4:7E:42:2C:BD,bridge=vmbr0,tag=341,trunks=302
numa: 0
onboot: 1
ostype: l26
scsi0: oceph1:vm-142-disk-0,backup=0,discard=on,size=80G,ssd=1
scsihw: virtio-scsi-pci
serial0: socket
smbios1: uuid=31490500-68ae-444a-989f-d9f9e4505301
sockets: 1
vcpus: 8
vmgenid: 87c722a6-266d-4000-8b24-be1d536c1e06

We are currently using Proxmox v6.2-1

proxmox-ve: 6.2-1 (running kernel: 5.4.48-ls-2)
pve-manager: 6.2-11 (running version: 6.2-11/22fb4983)
pve-kernel-5.4: 6.2-4
pve-kernel-helper: 6.2-4
pve-kernel-5.4.44-2-pve: 5.4.44-2
ceph-fuse: 14.2.9-pve1
corosync: 3.0.4-pve1
criu: 3.11-3
glusterfs-client: 5.5-3
ifupdown: residual config
ifupdown2: 3.0.0-1+pve2
libjs-extjs: 6.0.1-10
libknet1: 1.16-pve1
libproxmox-acme-perl: 1.0.4
libpve-access-control: 6.1-2
libpve-apiclient-perl: 3.0-3
libpve-common-perl: 6.1-5
libpve-guest-common-perl: 3.1-1
libpve-http-server-perl: 3.0-6
libpve-storage-perl: 6.2-5
libqb0: 1.0.5-1
libspice-server1: 0.14.2-4~pve6+1
lvm2: 2.03.02-3
lxc-pve: 4.0.2-1
lxcfs: 4.0.3-pve3
novnc-pve: 1.1.0-1
openvswitch-switch: 2.12.0-1
proxmox-mini-journalreader: 1.1-1
proxmox-widget-toolkit: 2.2-9
pve-cluster: 6.1-8
pve-container: 3.1-12
pve-docs: 6.2-5
pve-edk2-firmware: 2.20200531-1
pve-firewall: 4.1-2
pve-firmware: 3.1-1
pve-ha-manager: 3.1-1
pve-i18n: 2.1-3
pve-qemu-kvm: 5.0.0-13
pve-xtermjs: 4.3.0-1
qemu-server: 6.2-11
smartmontools: 6.6-1
spiceterm: 3.1-1
vncterm: 1.6-1

I honestly thought Proxmox keeps track of minimal memory allocation for each VM so I expected it fails to start VM when there is not enought memory.

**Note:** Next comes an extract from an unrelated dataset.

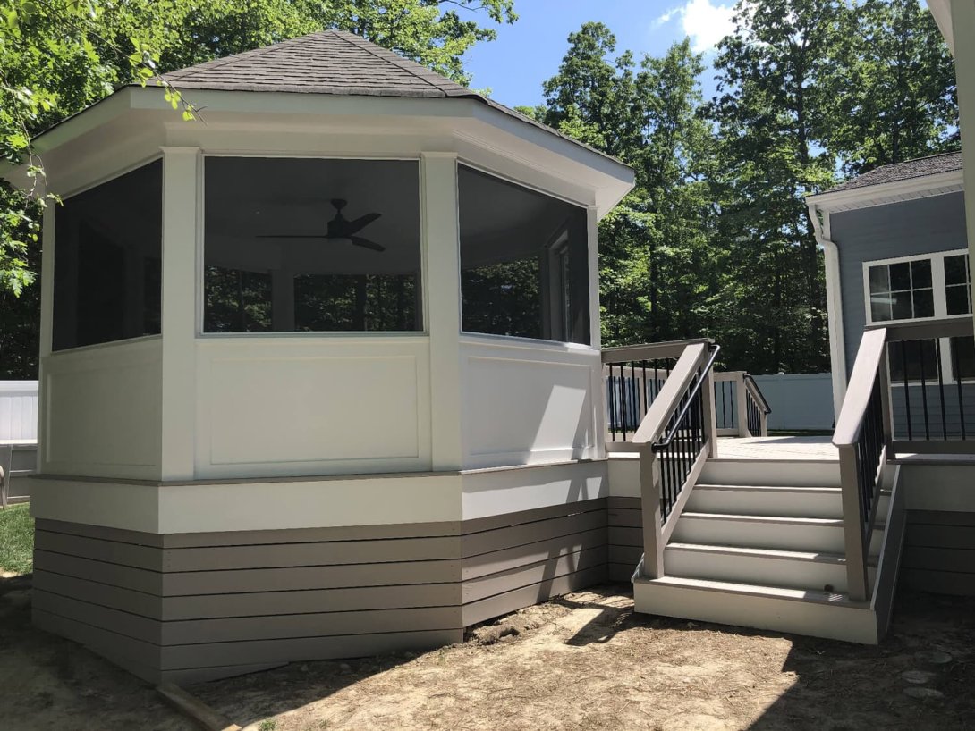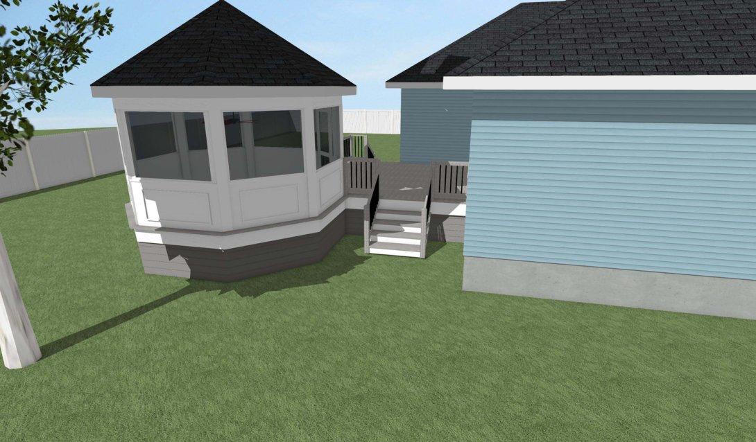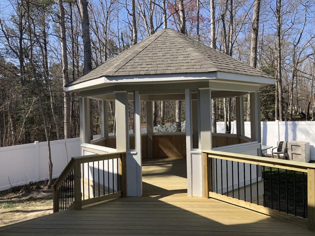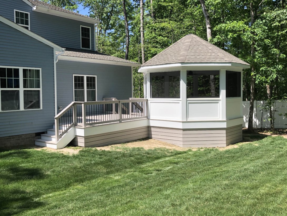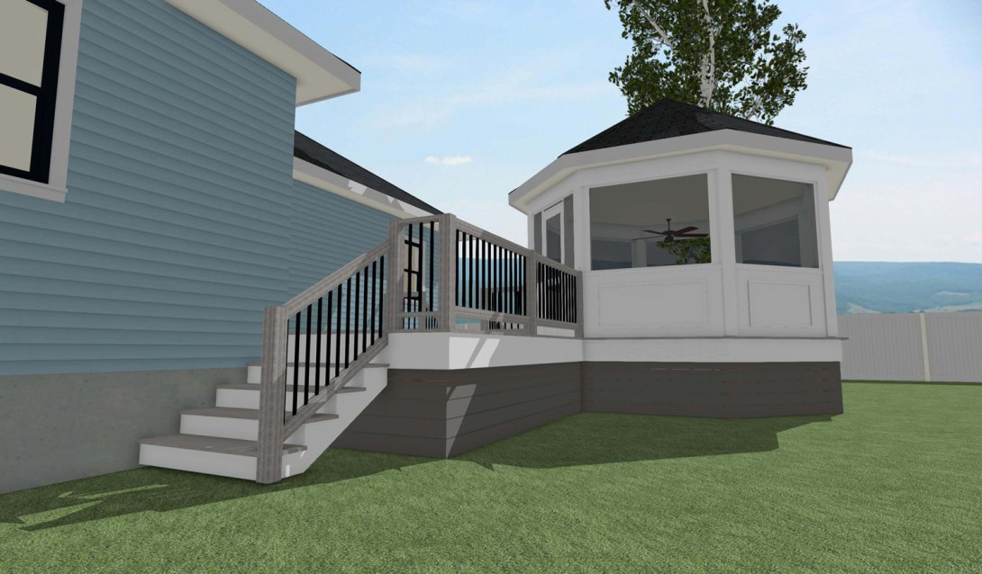 This project showcases the complete creation of a beautiful, multi-zone outdoor living space, expertly guided from 3D design rendering to final construction. The space features an open-air deck that flows seamlessly into a large, octagonal screened gazebo, offering both sunshine and shade. The entire structure is crafted with modern, low-maintenance materials for lasting beauty and minimal upkeep.

Also I would really like to define some amount of memory which should be reserved for hypervisor OS and Proxmox would try not to use it for VMs. I know it's not possible in all cases, especialy if you are using memory ballooning, but I would like to reserve about 10-15% memory for KVM overheads and OS breathing space.

Now I would really appreciate if you can give me some advices what can I do to make cluster more foolproof. Generaly I want user not to bother with cluster usage, VM placement etc.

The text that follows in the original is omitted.